Я попробовал раздеться, но замерзшие пальцы не слушались меня. Как деревяшки, скользили они по пуговицам.

Ребята с жалостью смотрели на меня.

— Да он же не могет сам раздеться, — сказал Кодька. — Давай, тетя, мы его разденем.

— Идите к черту! — рявкнула на них Людмила. — Марш!

Ребятишек как ветром сдуло.

— Даже раздеться не может, — сказала Людмила. — Вот я тебе сейчас ремня дам. Почему без разрешения ушел?..

Я молчал.

Людмила раздела меня.

— Своевольные, сволочи! — Она ударила меня по щеке так, что из глаз моих посыпались искры и я кубарем полетел под стол. И в этот раз она жестоко избила меня.

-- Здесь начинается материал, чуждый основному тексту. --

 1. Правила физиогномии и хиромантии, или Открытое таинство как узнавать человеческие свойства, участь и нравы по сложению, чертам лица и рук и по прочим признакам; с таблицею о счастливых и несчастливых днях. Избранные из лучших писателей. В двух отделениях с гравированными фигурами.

…Я простудился и заболел. Болел долго и тяжело. Может быть, я не выжил бы, но за мной заботливо ухаживала наша соседка, милая Мартыновна. Людмила запретила ей к нам ходить. Но добрая женщина, узнав о моей болезни, наперекор Людмиле пришла к нам и день и ночь ухаживала за мной, пока не выходила.

Приезд отца

Когда я в первый раз поднялся с постели, на дворе уже началась весна. Горячее солнце быстро согнало с полей снег. Сады покрылись яркой изумрудной листвой. В них поселились тысячи голосистых птиц.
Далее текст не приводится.